Colonial outage weighs on US midcon diesel, gasoline

  • : Oil products
  • 21/05/12

Gasoline and diesel prices in the southern portion of the US midcontinent have fallen amid an influx of pipeline shipment from the US Gulf coast, where suppliers are looking for alternative outlets for fuel trapped by the Colonial Pipeline outage.

The US midcontinent saw an accelerated surge in refined product shipments from the US Gulf coast after the Colonial Pipeline shut its 5,500-mile network between the Gulf coast and US Atlantic coast due to a ransomware attack. The pipeline said a phased startup was underway today at 5pm ET today.

Shipments to the midcontinent were already high amid an open arbitrage, so much so that the primary pipeline transporting fuel from the Gulf coast to the region, the Explorer pipeline, became fully booked through the end of May even before the Colonial outage.

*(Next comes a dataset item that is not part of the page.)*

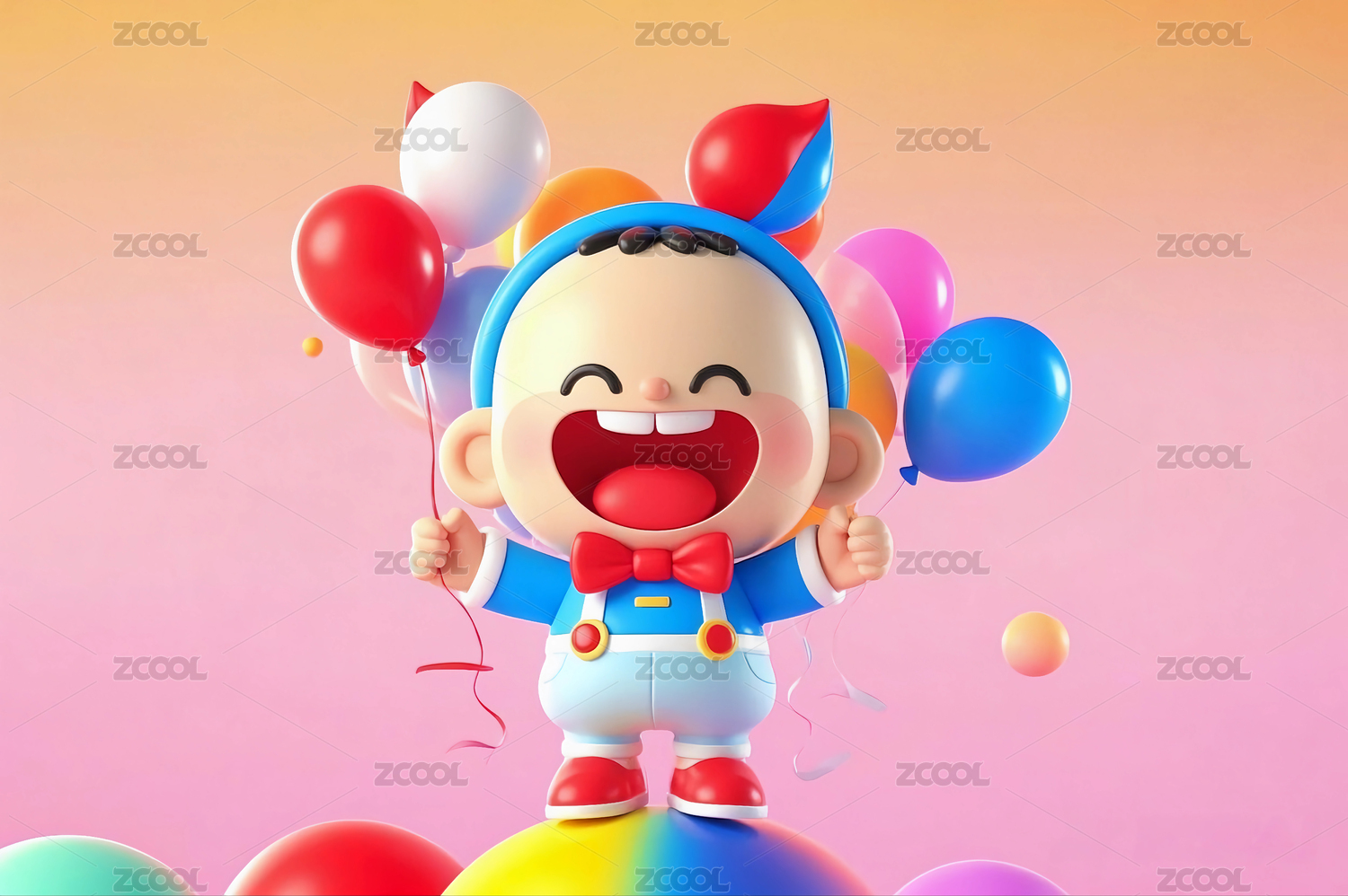 3D拿着气球庆祝节日的卡通可爱男孩

Midcontinent diesel stocks rose by 3.5pc to 26.7mn bl the week ended 7 May, according to the US Energy Information Administration (EIA). Inventories of midcontinent CBOB rose by 2.5pc from the prior week to a three-week high of 28.6mn bl.

Market participants are reporting a rise in Gulf coast diesel and gasoline loaded onto the Magellan Pipeline since Colonial shut its system on 7 May. Some of these barrels are headed to storage terminals in central and west Texas, but the majority are headed to Tulsa, Oklahoma.

Diesel prices at Tulsa fetched the narrowest premium to the June Nymex ultra-low sulphur diesel (ULSD) contract today since mid-February at 0.5¢/USG. That spread has narrowed by a combined 3.15¢/USG since Colonial announced its outage on 7 May.

The price drop shut the arbitrage for sending Gulf coast ULSD to Tulsa closed on paper today for the first time since 24 March. Tulsa's premium over the Gulf coast fell short of Magellan Pipeline's shipping tariff by 0.76¢/USG. Tulsa ULSD previously averaged a 7.91¢/USG premium to the Gulf coast through the first seven trading days in May.

Tulsa CBOB prices similarly fell to the widest discount to the Nymex in six months at 8.63¢/USG today. Tulsa's premium to the Gulf coast widened by 0.25¢/USG today, which reopened the arb at 0.09¢/USG above Magellan's 5.78¢/USG shipping tariff. Tulsa's premium to the Gulf coast increased as the Gulf coast's discount to the Nymex widened by 0.38¢/USG to 14.5¢/USG.